- ABOUT THIS EXERCISE
The lines wanted are those from the one containing "Line interior with" to the last line of the entries below; output them exactly, leaving out pictures.

- THE DATA
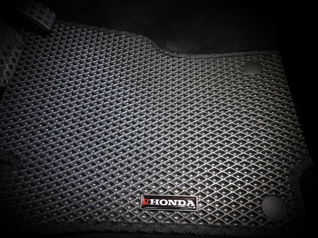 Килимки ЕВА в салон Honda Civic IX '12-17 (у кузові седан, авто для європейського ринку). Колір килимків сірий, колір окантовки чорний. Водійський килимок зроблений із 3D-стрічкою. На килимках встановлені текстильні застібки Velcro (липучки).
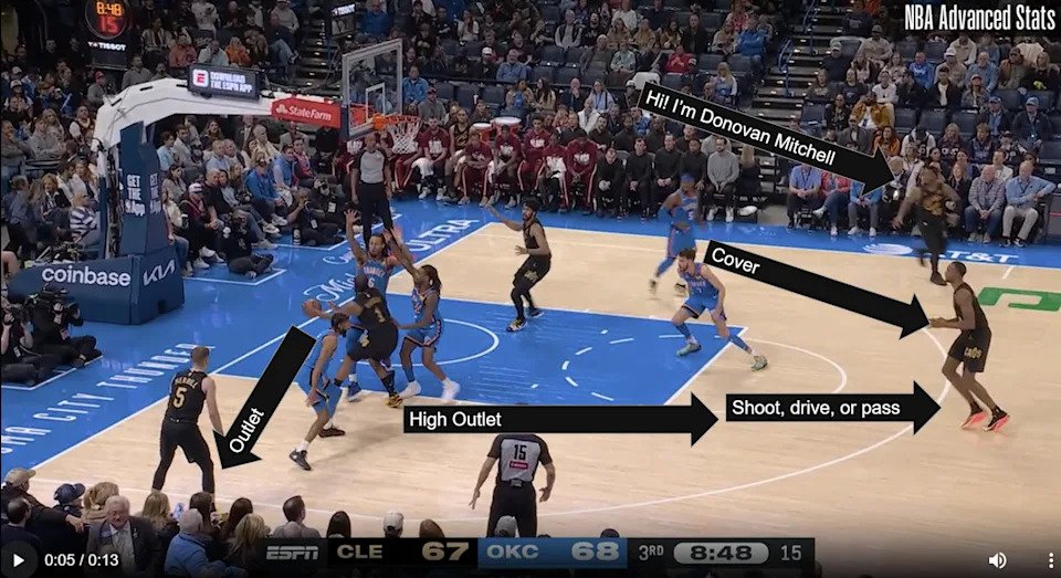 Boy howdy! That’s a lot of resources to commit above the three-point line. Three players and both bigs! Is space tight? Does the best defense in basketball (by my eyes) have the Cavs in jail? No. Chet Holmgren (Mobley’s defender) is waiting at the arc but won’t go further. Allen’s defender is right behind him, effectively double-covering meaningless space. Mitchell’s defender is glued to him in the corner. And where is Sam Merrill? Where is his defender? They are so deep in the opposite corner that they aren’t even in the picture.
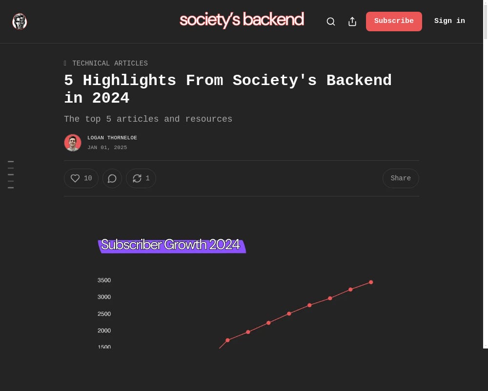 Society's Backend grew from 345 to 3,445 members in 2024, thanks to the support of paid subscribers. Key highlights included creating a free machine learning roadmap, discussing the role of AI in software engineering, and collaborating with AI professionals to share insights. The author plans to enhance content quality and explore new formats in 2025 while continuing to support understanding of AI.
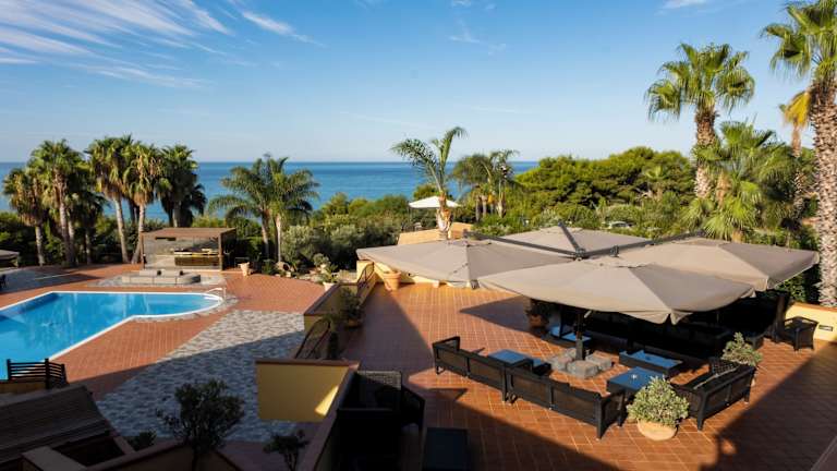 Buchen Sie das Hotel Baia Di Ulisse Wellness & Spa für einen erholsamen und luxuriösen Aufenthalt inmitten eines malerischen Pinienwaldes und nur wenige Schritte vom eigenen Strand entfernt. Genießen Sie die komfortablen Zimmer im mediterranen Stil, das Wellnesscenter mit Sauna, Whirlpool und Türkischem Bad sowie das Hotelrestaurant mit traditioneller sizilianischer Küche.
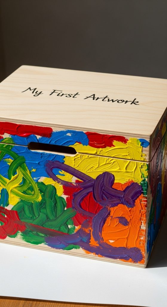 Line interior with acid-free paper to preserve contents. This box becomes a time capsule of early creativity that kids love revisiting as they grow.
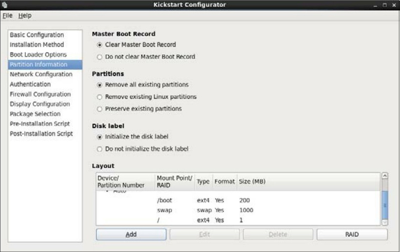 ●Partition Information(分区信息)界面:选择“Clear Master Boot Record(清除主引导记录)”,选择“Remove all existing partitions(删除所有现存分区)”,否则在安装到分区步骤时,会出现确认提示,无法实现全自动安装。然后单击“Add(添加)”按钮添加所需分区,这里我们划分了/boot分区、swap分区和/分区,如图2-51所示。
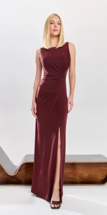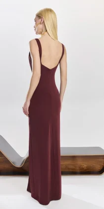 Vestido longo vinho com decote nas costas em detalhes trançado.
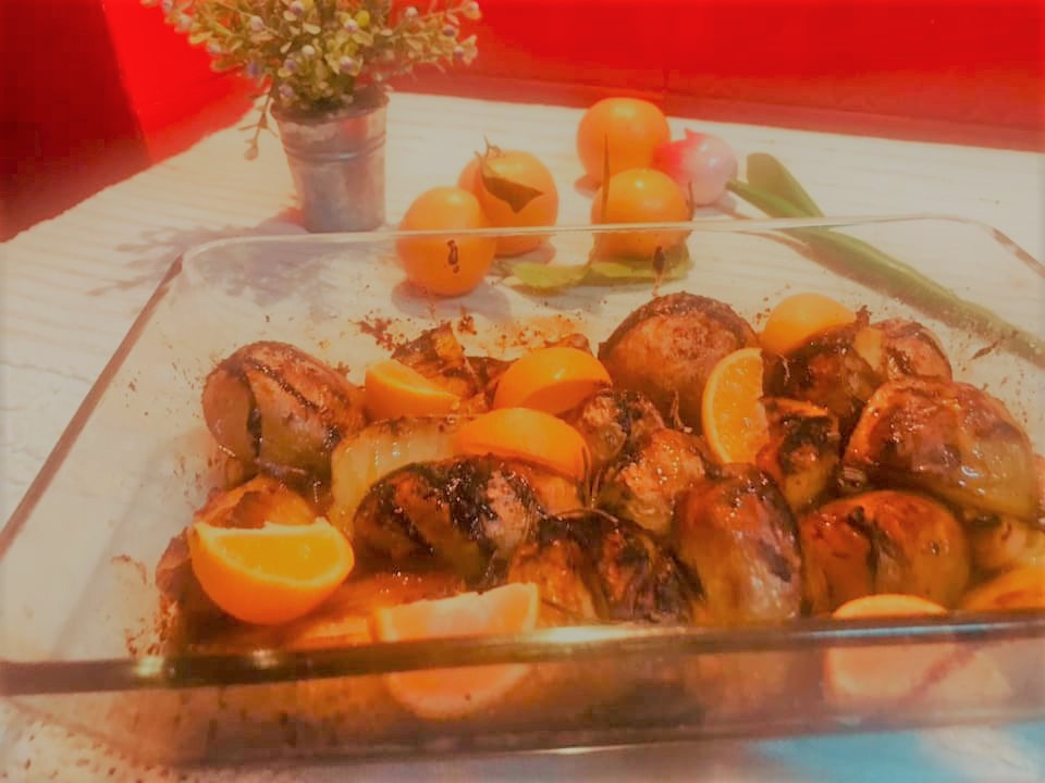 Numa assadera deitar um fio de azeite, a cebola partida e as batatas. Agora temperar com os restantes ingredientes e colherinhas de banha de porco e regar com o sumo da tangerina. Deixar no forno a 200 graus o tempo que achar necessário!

- SOLUTION FOR THIS PROBLEM
 Line interior with acid-free paper to preserve contents. This box becomes a time capsule of early creativity that kids love revisiting as they grow.
 ●Partition Information(分区信息)界面:选择“Clear Master Boot Record(清除主引导记录)”,选择“Remove all existing partitions(删除所有现存分区)”,否则在安装到分区步骤时,会出现确认提示,无法实现全自动安装。然后单击“Add(添加)”按钮添加所需分区,这里我们划分了/boot分区、swap分区和/分区,如图2-51所示。
 Vestido longo vinho com decote nas costas em detalhes trançado.
 Numa assadera deitar um fio de azeite, a cebola partida e as batatas. Agora temperar com os restantes ingredientes e colherinhas de banha de porco e regar com o sumo da tangerina. Deixar no forno a 200 graus o tempo que achar necessário!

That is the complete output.